Concernant les cassettes LTO, toutes les marques dépendent des bandes que seuls Fujifilm et Sony fabriquent. Le fait qu’ils soient deux concurrents présente l’avantage d’une guerre des prix qui maintient les cassettes à un tarif raisonnable. En revanche, le fait qu’ils ne soient que deux pose le risque d’un blocage quelconque du marché pour cause de dispute autour des licences. C’est ce qui est arrivé entre 2016 et 2019 et c’est ce qui a conduit à un gel des ventes de cassettes LTO-8, puis à une révision du calendrier et des capacités pour la génération LTO-9.

Quantum renoue avec les profits, au-delà des bandes

Dans ce contexte, Jamie Lerner peut néanmoins se féliciter d’avoir fait redécoller l’activité de Quantum. Alors que le fournisseur déclinait depuis de nombreuses années, faute de se renouveler sur un marché de la sauvegarde de plus en plus séduit par les disques durs peu chers, l’arrivée de ce nouveau PDG en 2018 a résonné avec une diversification éclairée du catalogue.

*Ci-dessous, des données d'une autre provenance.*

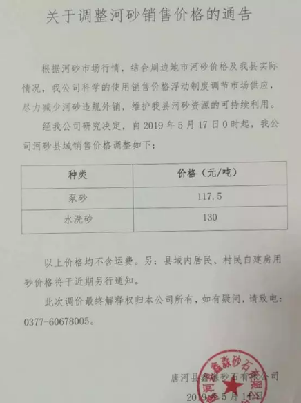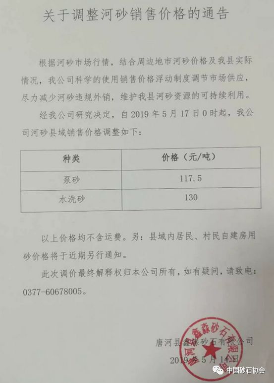 河南省唐河縣鑫淼砂石有限公司2019年5月14日發布《關于調整河砂銷售價格的通告》,自2019年5月17日0時起,該公司河砂縣域銷售價格調整如下:泵砂117.5元/噸,水洗砂130元/噸。并要求盡力減少河砂違規外銷,維護河砂資源的可持續利用。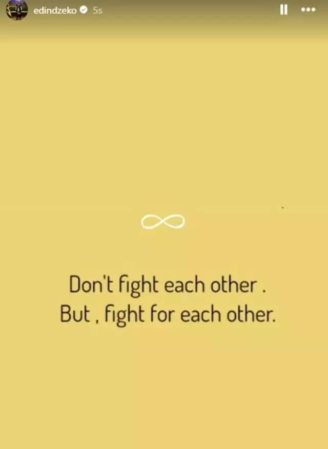 Edin Dzeko paylaşımında "Don't fight each other. But fight for each other" (Birbirinizle kavga etmeyin. Birbiriniz için mücadele edin) ifadelerini kullandı.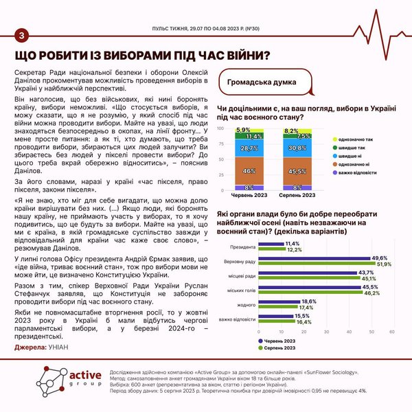 Більшість українців висловилися проти проведення виборів восени 2023 року в умовах війни з Росією. Про це свідчать дані соціологічного опитування компанії Active Group, опубліковані 7 серпня.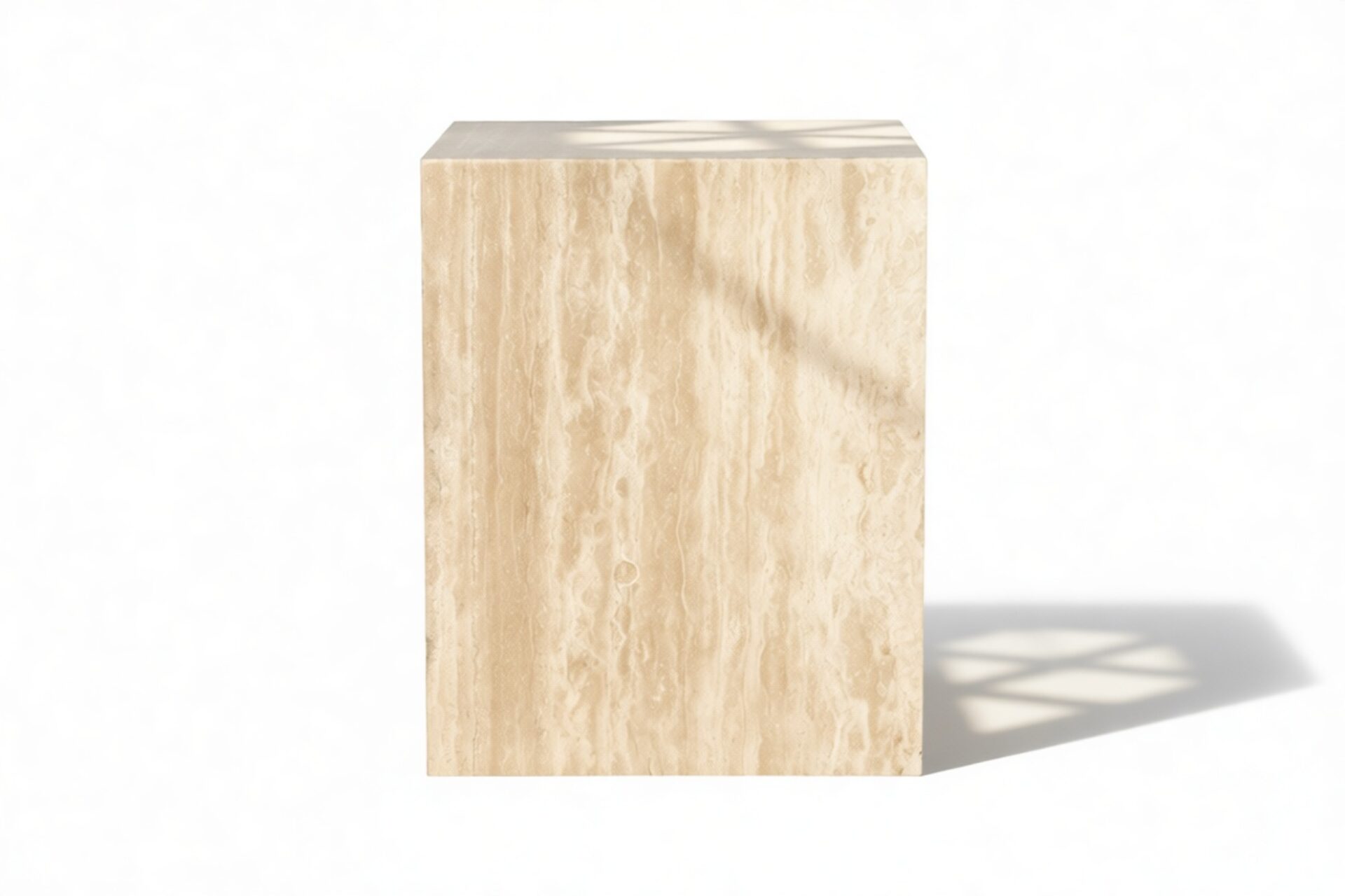 Discover the timeless elegance and modern functionality of the Köln Side Table. Expertly crafted from solid travertine stone with a honed finish to accentuate its natural texture, this minimalist piece showcases a sophisticated warm cream color that adds an elegant touch to any living space. Its sleek design effortlessly complements a range of interior styles, from contemporary to classic.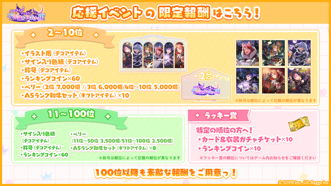 応援イベントのランキングの順位に応じて特別な報酬を入手することができます。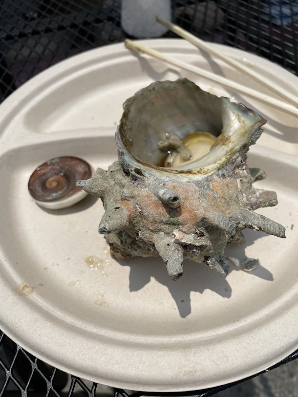 今回は、生でも行ける牡蠣「令和の怪物」。長崎のサザエ。豊洲市場で購入したのでお得感満載。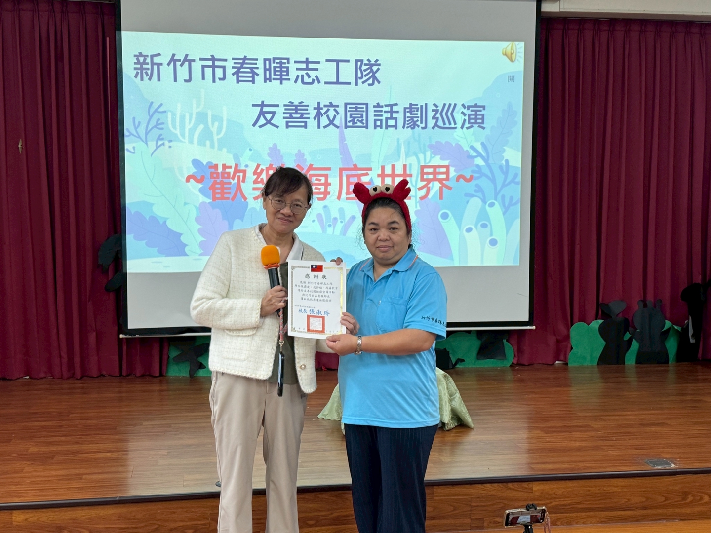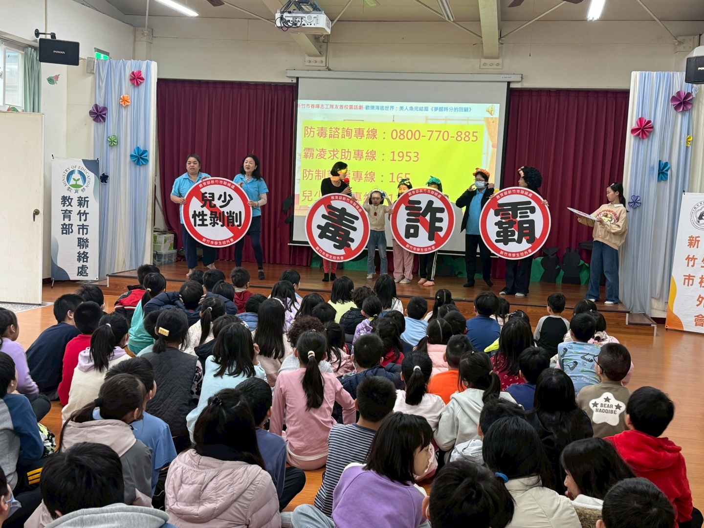 為提升學生對於校園安全與自我保護的意識,新竹市校外會結合春暉志工隊,到本校進行「友善校園」宣導活動。本次活動以生動有趣的話劇方式呈現,宣導主題包含反詐騙、反毒品、反霸凌及防制兒少性剝削等重要議題,希望透過活潑的演出,讓學生在輕鬆的氛圍中學習正確觀念。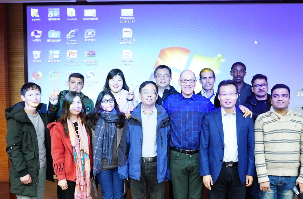 史提芬·霍夫曼以幽默的风格活跃着现场气氛,学术报告在全场同学们热烈的掌声中圆满结束,大家合影留念。出席本次学术报告的还有张栓兴、甘凯、王兆群等老师。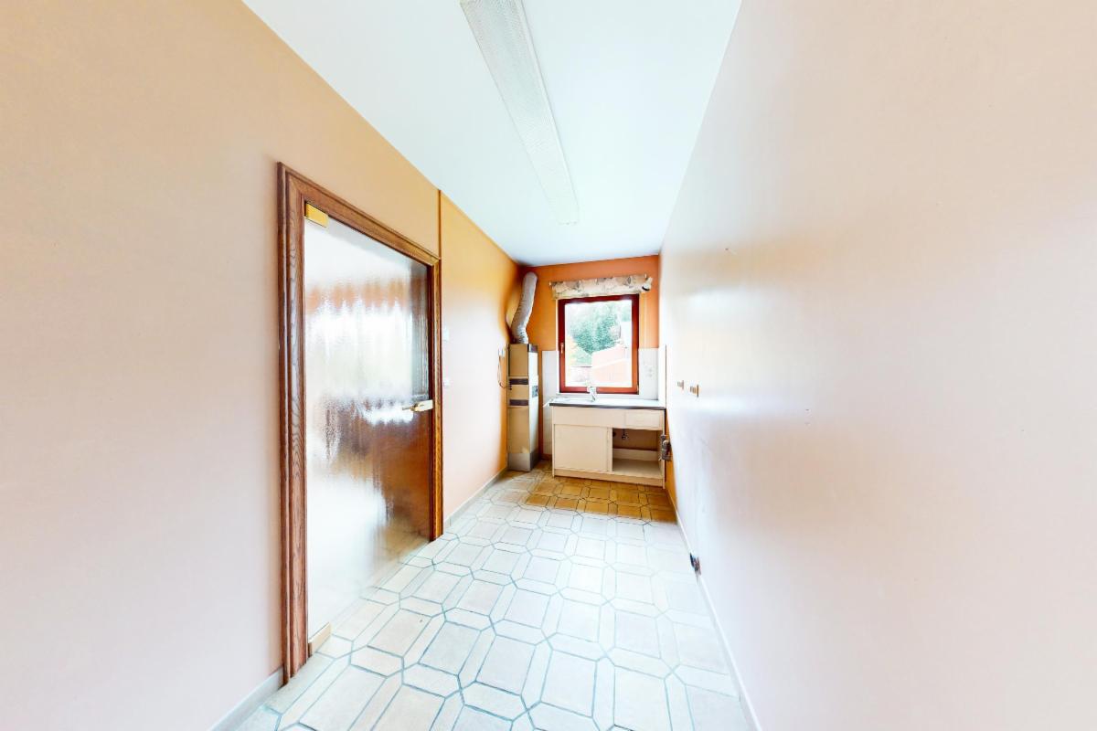 Au rez-de-chaussée : hall d'entrée avec WC et vestiaire, desservant d'un côté le salon/salle à manger, la grande cuisine; et continuant vers une pièce à usage de bureau/chambre, la salle de bain et le grand garage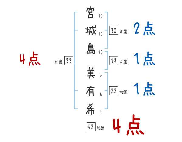 外運![]() | 宮城島美有希さんの外運は33画の4つ星!権力志向でプライドが高い。勇気があり運を切り開き成功する。 生活面を象徴する運勢です。外部から受ける影響力を表し、結婚運、家庭運や職場、環境への順応性を表します。 |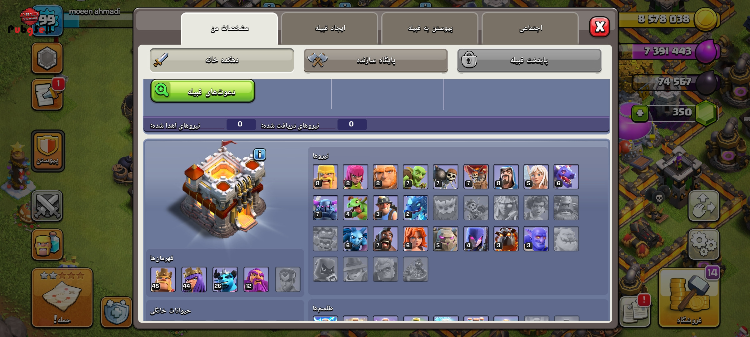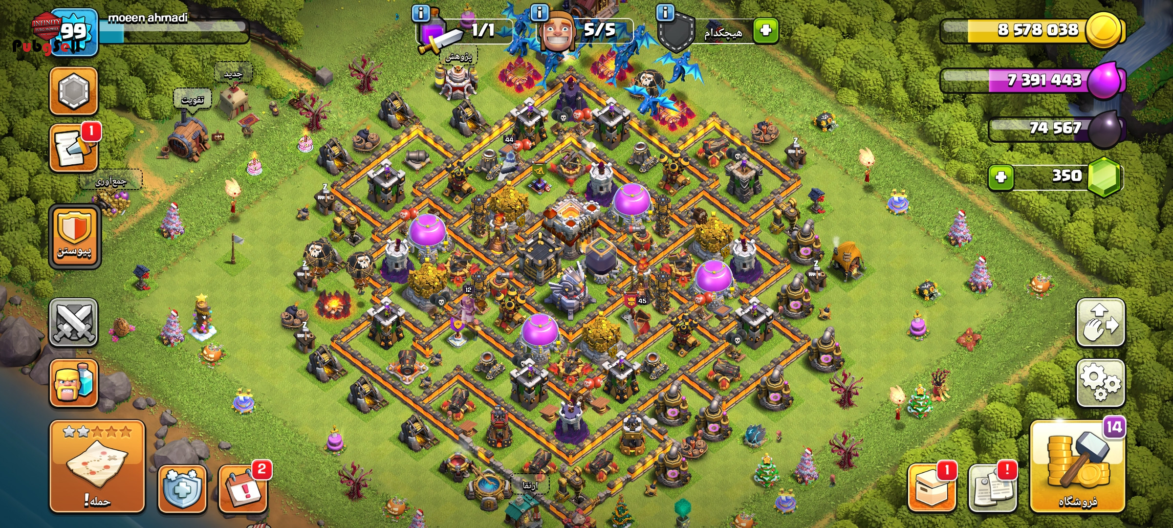 اکانت کلش آف کلنز دارای 350 عدد جم دارای تغییر نام رایگان لول 99 تاونحال 10 مکس بوده تازه انداختم به 11 تقریبا همه چی مکس دارای اسکین کینگ دزدان دریایی دارای اسکین ملکه یخی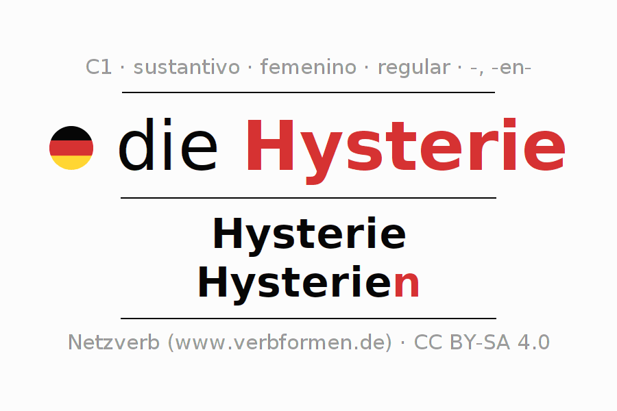 - Singular: die Hysterie, der Hysterie, der Hysterie, die Hysterie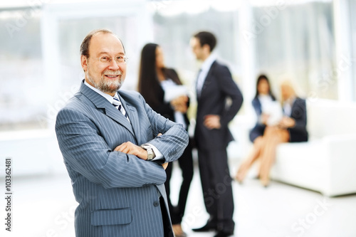 portrait of a successful businessman on background of office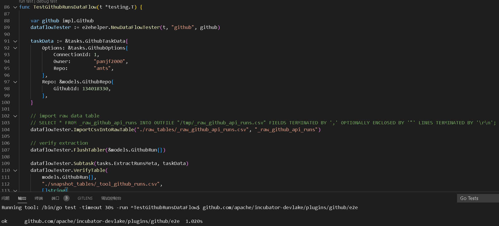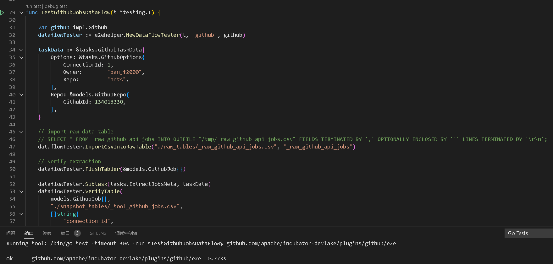 # Summary Add TestGithubRunsDataFlow Add TestGithubJobsDataFlow <!-- Thanks for submitting a pull request! We appreciate you spending the time to work on these changes. Please fill out as many sections below as possible. --> ### Does this close any open issues? Closes #2855 ### Screenshots   ### Other Information Any other information that is important to this PR. -- This is an automated message from the Apache Git Service. To respond to the message, please log on to GitHub and use the URL above to go to the specific comment. To unsubscribe, e-mail: [email protected] For queries about this service, please contact Infrastructure at: [email protected]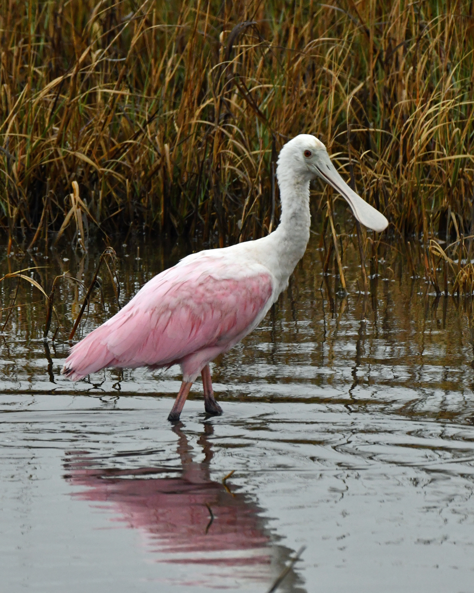 Roseate Spoonbill along Sportsman Road on Galveston Island, Texas. December 1, 2025.

Comprendre : au-delà des bandes.

Sous sa direction, Quantum est devenu un fournisseur de stockage pour le marché de la vidéo (qu’il s’agisse de vidéosurveillance, comme des studios de production) avec des baies SAN très rapides, un NAS élastique reposant sur le SDS StorNext et, toujours, des solutions de stockage massif basées à la fois sur des bibliothèques de bandes Scalar et, désormais, sur le stockage objet d’ActiveScale.

Au moment où LeMagIT l’a rencontré, Quantum affichait un chiffre d’affaires trimestriel de 95,2 millions de dollars, soit 3 % de mieux en un an, et un CA annuel de 372,8 millions de dollars, soit une progression de 6,7 %.

Selon Jamie Lerner, la bande reste un fleuron du catalogue de Quantum. En l’occurrence, ce type de produit connaît actuellement un regain d’intérêt. D’abord parce que les cassettes déconnectées du réseau offrent la protection physique la plus efficace contre les cyberattaques, lesquelles ont connu ces dernières années une forte progression. Ensuite, parce qu’elles ne consomment aucune énergie quand on ne s’en sert pas, contrairement aux disques durs allumés en permanence.

Chez les hyperscalers, les infrastructures de bandes sont utilisées pour les services de stockage sur le long terme, à la manière de S3 Glacier chez AWS.

En fin de compte, le problème est moins dans l’intérêt des bandes que dans les efforts discutables du consortium LTO.